Tried to see if a search can be restricted:

Since the sum is even, the sum of squares is even, and must be the square of an even number.

Even numbers are of the form 12k +/- m, where m = 0, 2, 4 or 6.
The square is 144k^2 +/- 24km + m^2 = 24n + 0, 4, 16 or 36 for some n = 24n + 0, 4, 12 or 16 for some n.

Primes are 2, 3, or 6k +/- 1. Squares of primes are 4, 9, and numbers of the form 24n + 1 for some n.
Sums of 4 squares of primes with an even sum are:

4 + 4 + 4 + 4 = 16
4 + 4 + 9 + 9 = 26
4 + 4 + 9 + (24n + 1) = 24n + 18
4 + 4 + (24n + 1) + (24m + 1) = 24n + 10
9 + 9 + 9 + 9 = 36
9 + 9 + 9 + (24n + 1) = 24n + 4
9 + 9 + (24n + 1) + (24m + 1) = 24n + 20
9 + (24n + 1) + (24m + 1) + (24k + 1) = 24n + 12
(24n + 1) + (24m + 1) + (24k + 1) + (24j + 1) = 24n + 4

4 + 4 + 4 + 4 and 9 + 9 + 9 + 9 are squares.
9 + 9 + 9 + (24n + 1) = 24n + 4 is a possible square (12k +/- 2)^2
9 + (24n + 1) + (24m + 1) + (24k + 1) = 24n + 12 is a possible square (12k + 6)^2
(24n + 1) + (24m + 1) + (24k + 1) + (24j + 1) = 24n + 4 is a possible square (12k +/- 2)^2.
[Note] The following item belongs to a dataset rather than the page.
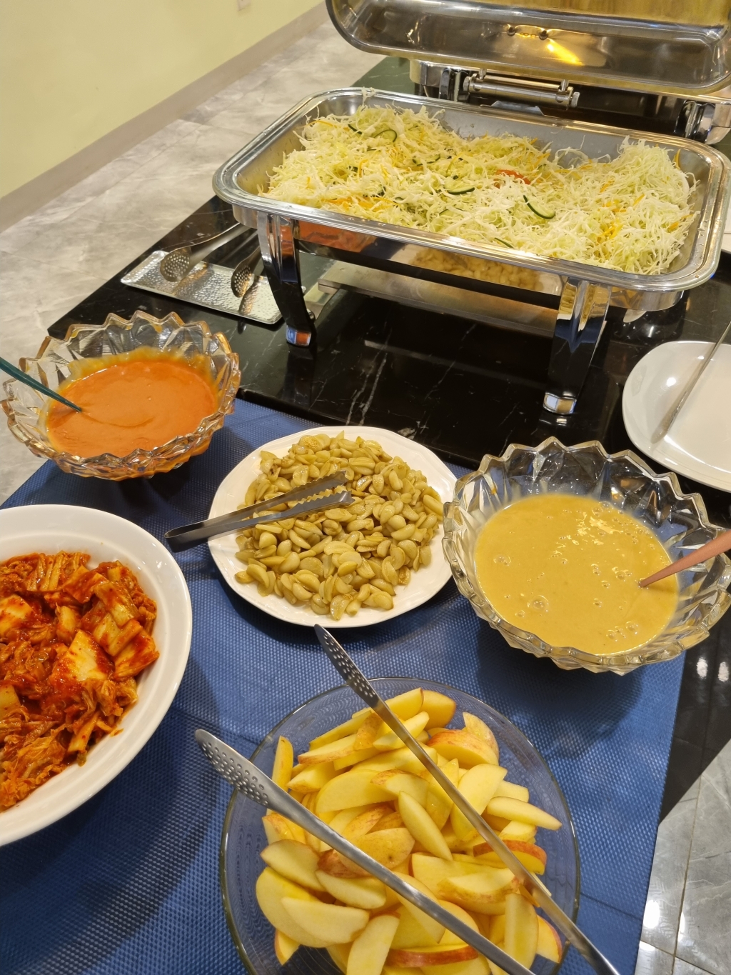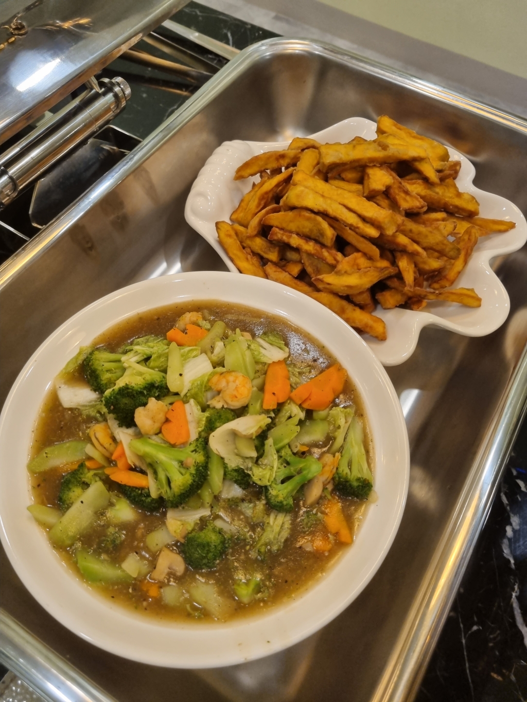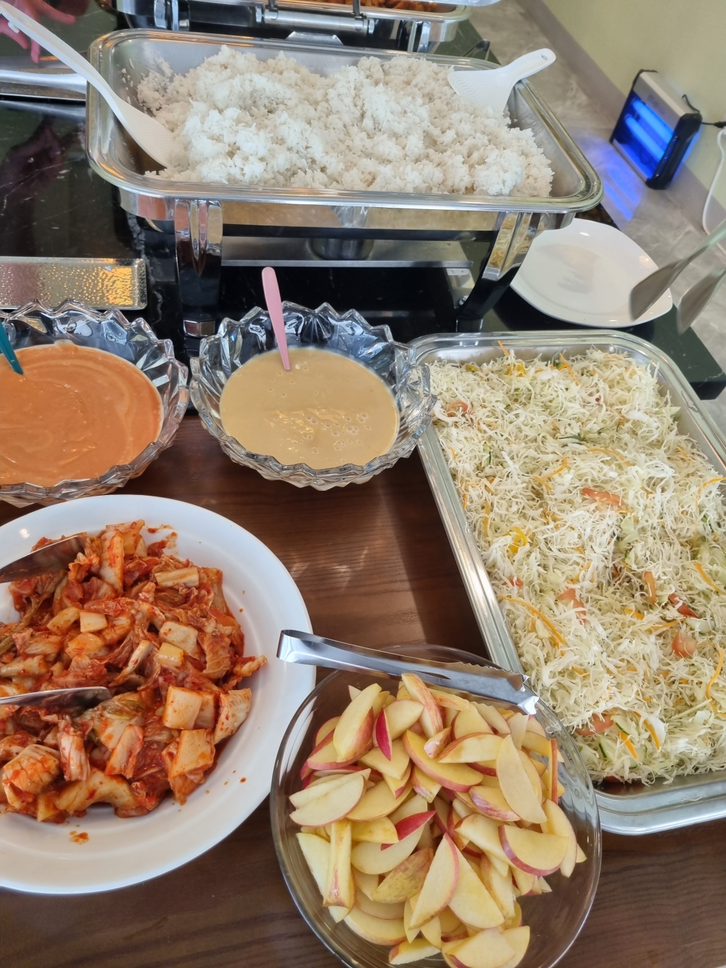 月〜土:1日 3食 が提供される。 日・祝日: 2食(ブランチと夕食)。 ビュッフェ形式での提供。 食事は、T-Shineホテル内の食堂で提供。 |

9 + 9 + 9 + p^2 cannot be a square if p > 13 since it is less than (p + 1)^2. It is a square if and only if p = 13. So the possible 4-tuples of primes adding up to an even number with sum of squares being a square are: (2, 2, 2, 2), (3, 3, 3, 3), (3, 3, 3, 13), and (p, q, r, s) where p <= q <= r <= s, p >= 3, q >= 5.

I may check how many numbers have a solution where the first prime is 3; probably most.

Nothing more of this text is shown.